The Leopard 2A7+ is an upgrade of the 2A6 model. That upgrade included more armor on the sides and rear (especially to protect against RPGs), more external cameras (so the crew inside could see anything in any direction, day or night), a remote control machine-gun station on top of the turret, better fire control and combat control computers and displays, more powerful auxiliary power unit (to be used for electricity when the main engine is shut down), better air conditioning, and numerous other minor improvements. This increased the weight of the tank to 68 tons.
The Leopard 2A7+ upgrades also added improvements to mobility (engine, track laying system, wheels, and related gear), better soundproofing for the crew, more, and better, thermal sights, and more effective ammunition for the 120mm gun (fragmentation shells that detonate above or behind a target).
Until 2010 the 55 ton Leopard 2A6 was the current version and is a contemporary of the American M-1. The 2A6 model has a stabilizer (for firing on the move) and a thermal imager (for seeing through night, mist, and sand storms). Germany has been selling less capable refurbed 2A4s since the 1990s (after the Cold War ended and the German army was much reduced in size). This enabled many nations to inexpensively upgrade their aging armored forces. In the last decade, many nations have upgraded their Leopards to the A6 standard.

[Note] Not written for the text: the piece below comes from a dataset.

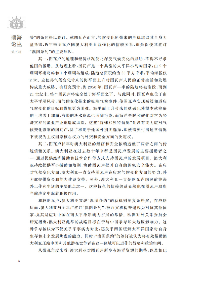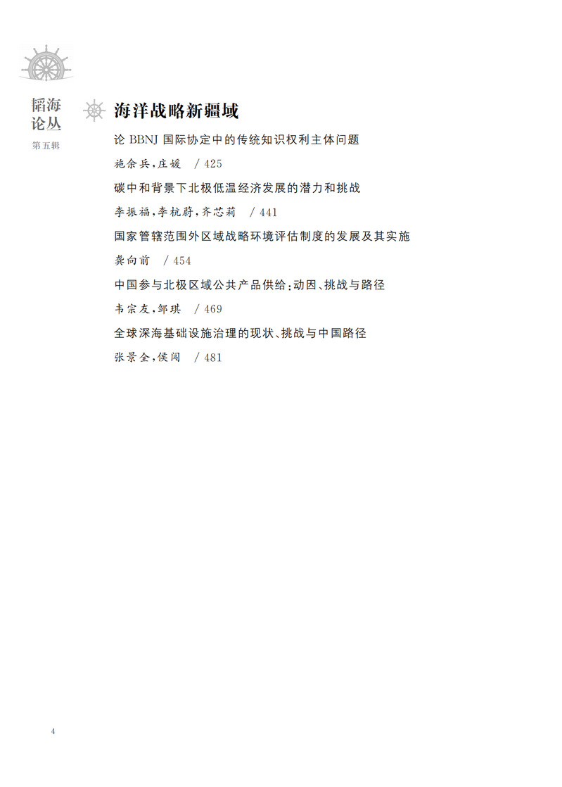 “韬海论丛”系列丛书,旨在从多角度、多领域探讨我国海洋方面具有全局性、前瞻性、关键性的问题,从多角度反映专家观点,为关心海洋领域研究的专家学者、涉海专业学生提供最新的信息资讯、优质的研究成果。《韬海论丛 第五辑》内容拟按照“全球海洋治理”“海洋法治建设”“海洋环境保护”“海洋产业发展”“海洋软实力”“海洋战略新疆域”六个专题,择选已刊发的优秀研究成果,撷取核心观点,梳理编纂,汇集成册。本册内容上,以六个热点研究方向为专题设计全书内容。在形式上,每一篇文章设计“论点撷萃”,选取文章的核心观点,突出中心。

Many nations prefer to continue upgrading their Leopards, mainly because there are no new tanks to buy, thus the appeal of an upgrade to the 2A7+ standard. Germany still has 200 Leopard 2s and plans to upgrade all to the 2A7+ level,
The German Leopard 2 appeared in 1979 and was an immediate export hit, especially to replace elderly U.S. M-60 tanks (a 1960s design.) But when the Cold War ended in 1991 many Leopard 2 users looked to sell off many of their Leopard 2s. Already over 1,500 of the original 3,500 Leopard 2s have been sold as second-hand vehicles to Austria, Canada, Norway, Sweden, Singapore, Denmark, Finland, Poland, Portugal, Greece, Chile, Turkey and Spain. Originally, West Germany bought 2,125 new Leopard 2 tanks, the Netherlands 445, Switzerland 370, Sweden 120, Spain 219 and Greece 170. A contemporary of the U.S. M-1, many consider the Leopard 2 a superior tank, even though the M-1 has much more combat experience and subsequent upgrades based on the experience in battle.
In 2003 both Germany and the United States believed the usefulness of heavy tanks like the M-1 and Leopard 2 were over. Then came Iraq and Afghanistan where it was found that these traditional designs were still very useful, especially with the most modern accessories (like thermal sights, vidcams for all-round visibility from inside the tank and modern air-conditioning systems that can withstand tropical heat). Thus upgrading the Leopard 2s remains a big business.